Disclosure of Invention
In order to solve the problem, the invention provides a multi-gear hybrid power system control method for improving power change impact, which avoids sudden change of vehicle power caused by power change by introducing a power source before power source switching or gear shifting, thereby realizing smoothness of a power switching process, improving comfort of power switching and gear shifting and improving riding comfort of customers.

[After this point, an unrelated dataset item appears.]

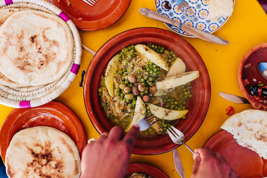 Your food adventure across Morocco comes to an end this morning. If you’re extending your stay, maybe stroll through the tropical gardens of the French painter Jacques Majorelle or return to the medina. The Saadian tombs are another recently uncovered gem of the medina. Be sure to take a break from the bustle to sip on tea or eat a tagine, filled with the quintessential flavours of Morocco.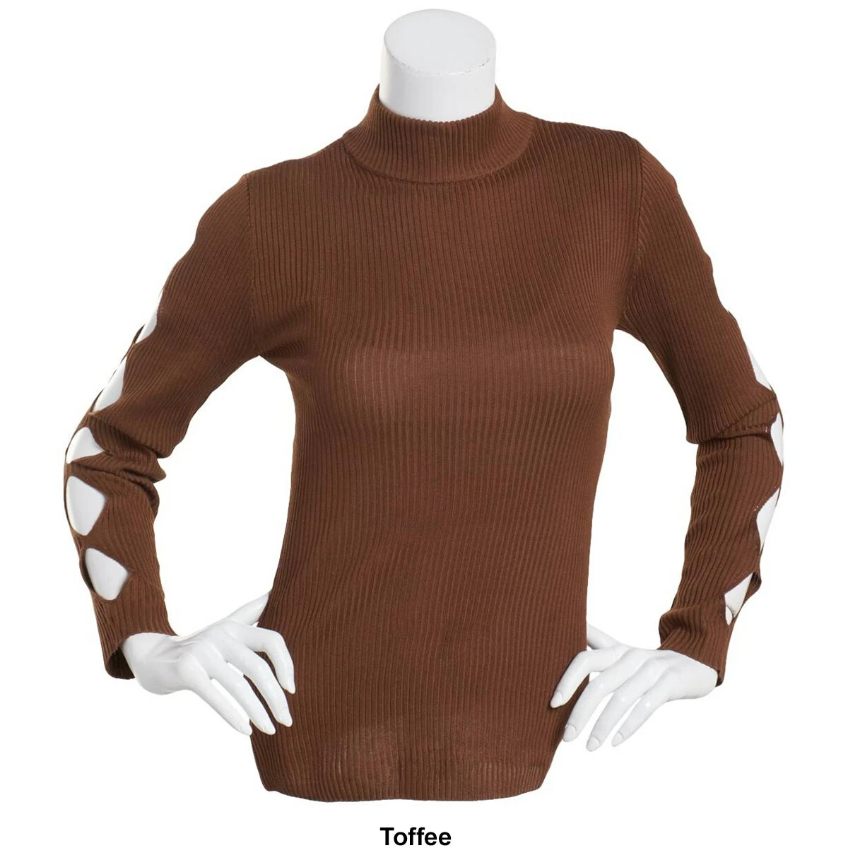 Set up your style with this Juniors Almost Famous™ rib sweater. This top features a mock neck with long cut-out sleeves. Perfect to wear with your favorite pair of jeans.

The invention discloses a multi-gear hybrid power system control method for improving power change impact, when a whole vehicle reaches a power switching condition (generally, the vehicle speed is more than or equal to v)1Signals of-time and accelerator opening degree less than or equal to beta) and the like), keeping the total torque T constant, connecting the engine power to couple the engine power with the driving motor power, and waiting for the engine torque T1To total torque T1Then, the driving motor is disconnected, and the engine is driven independently to realize power source switching; v. of1The vehicle speed is the vehicle speed when the power source is switched from the driving motor to the engine.
In a preferred embodiment of the invention, the total torque T is the engine torque T1+ drive motor torque T2Total torque T from vehicle VCU through vehicle speed v1-vehicle acceleration a of time is calculated and obtained.
In a preferred embodiment of the invention, the engine torque T1=ω*T(r1) In the formula, T (r)1) Torque at full load of the engine, ω engine throttle opening, r1Is the engine speed.
In a preferred embodiment of the invention, the drive motor torqueIn the formula, T (r)2) In order to drive the torque of the motor at full load,is the actual throttle opening of the whole vehicle, r2For driving the motor speed.
In a preferred embodiment of the present invention, the specific steps comprise: 0.8 ≤1≤0.9。
The invention also discloses a multi-gear hybrid power system control method for improving power change impact, when the whole vehicle reaches gear shifting (generally, the vehicle speed is more than or equal to v)2Signal of-hour and throttle opening degree less than or equal to beta, etc.), the total torque T is kept constant, the power of the driving motor is switched in to couple the power of the engine and the power of the driving motor, and the torque T of the motor to be driven is2To total torque T2Then, the n-gear clutch of the engine is disconnected, the driving motor is independently driven, the n + 1-gear clutch of the engine is combined, the power of the engine is connected to couple the power of the engine and the power of the driving motor, and the torque T of the engine is waited1To total torque T1Then, the driving motor is disconnected, and the engine is driven independently to realize power source switching; v. of2The speed of the power source is switched from n +1 gear of the engine to n gear of the engine.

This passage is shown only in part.